In its first recorded incarnation, the song was called "Groupie (Superstar)", and was released in December 1969 as the B-side of the Delaney and Bonnie single "Comin' Home". Released by Atco Records in the United States and Atlantic Records in the rest of the world, the full credit on the single was "Delaney and Bonnie and Friends featuring Eric Clapton."

"Comin' Home" reached number 84 on the US pop singles chart, although it achieved a peak of 16 on the UK Singles Chart.

The original version of "Superstar" finally surfaced in 1972, when the album D&B Together was released, shortly before Delaney and Bonnie's marriage and collaboration ended. That version was also included as a bonus track on a 2006 reissue of the 1970 album, Eric Clapton.

Bonnie Bramlett later rerecorded the song on her 2002 solo album, I'm Still the Same. Using the better-known shortened "Superstar" title, she rendered it as a very slow, piano-based torch song.

===Personnel===
(Taken from the liner notes of the 2006 Deluxe Edition of the Eric Clapton album):

- Delaney Bramlett - rhythm guitar and vocals
- Bonnie Bramlett - vocals
- Eric Clapton - lead guitar
- Dave Mason - guitar
- Bobby Whitlock - organ
- Carl Radle - bass
- Jim Gordon - drums
- Jim Price - trumpet
- Bobby Keys - tenor sax
- Tex Johnson - percussion
- Rita Coolidge - vocals

Produced by Delaney Bramlett, recorded at A&M Studios, Los Angeles, September 27 – October 10, 1969.

==Carpenters version==

"Superstar" became most popular after its treatment by the Carpenters. Richard Carpenter became aware of the song after watching Bette Midler sing it on the February 15, 1971, edition of The Tonight Show with Johnny Carson.

Produced by Richard Carpenter with Jack Daugherty, it was recorded using members of the Wrecking Crew, a famed collection of Los Angeles-area session musicians.

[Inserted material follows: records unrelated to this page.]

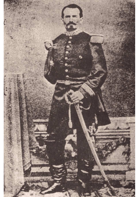
Figura 4 Imagen del General Manuel del Refugio González.

brazo del antebrazo, se trasladó de inmediato a un quirófano 28 y fue intervenido por los médicos cirujanos Senorio Cendejas, Enrique C. Osorno y Heberto Alcázar 29,30 , quien realizó una amputación por arriba del codo en dos etapas, ya que el general Obregón conservó el tercio medio y proximal (fig. 5), sin ya realizarse la amputación clásica ni de Larrey ni la de Montes de Oca, sino un procedimiento más conservador, preservando un muñón envuelto por un colgajo de piel.
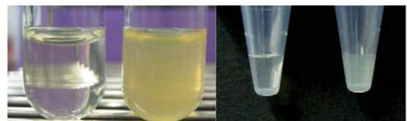
正常検体 乳ビ検体 正常検体 乳ビ検体 乳ビ検体の色見本は 1000 ホルマジン濁度
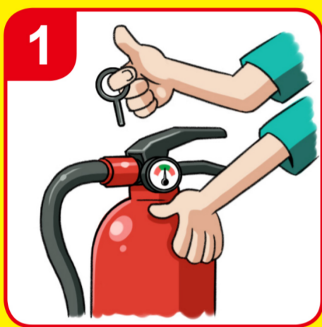
안전핀을 뽑는다 Pull the pin
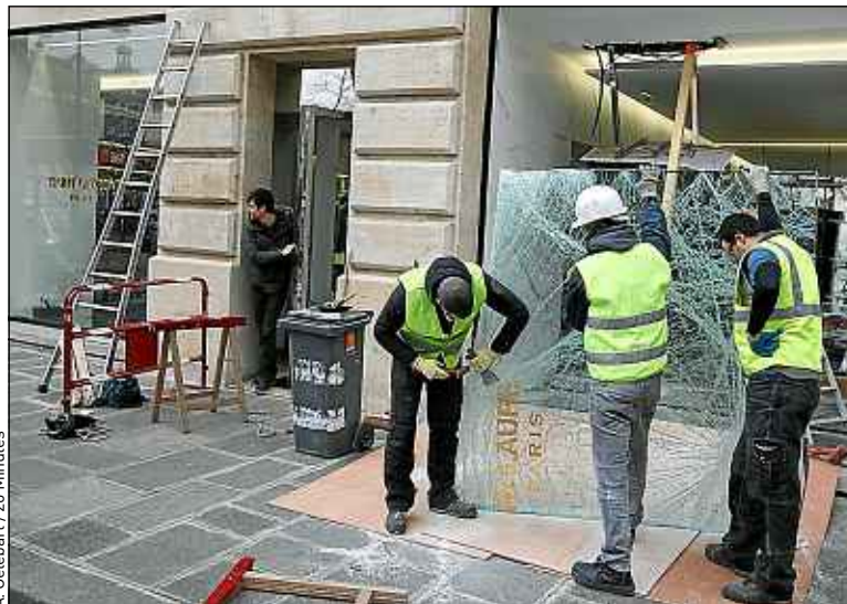
De la maroquinerie de luxe et des vêtements ont été dérobés.

Le 3 e district de la police judiciaire parisienne a été chargé de l'enquête. ■

Because the original subject matter of the song was more risqué than was typical for the Carpenters, Richard changed a lyric in the second verse from "And I can hardly wait/To sleep with you again" to the less suggestive "And I can hardly wait/To be with you again." The track was finished in one take.

Karen Carpenter's vocal was praised for its intensity and emotional nature. David Hepworth commented: "Even with only half her mind on the job, she delivered a perfect performance. The guide vocal never needed to be replaced."

The duo's rendition was included on the May 1971 album Carpenters, and then released as a single in August 1971, rising to number two on the Billboard Hot 100 pop singles chart, held out of the top spot by Rod Stewart's "Maggie May". It also became the Carpenters' fifth consecutive top-five single in the Billboard Hot 100. It spent two weeks at number one on the Easy Listening chart that autumn, earning gold record status. It reached number 18 on the UK Singles chart and charted in Australia and New Zealand as well.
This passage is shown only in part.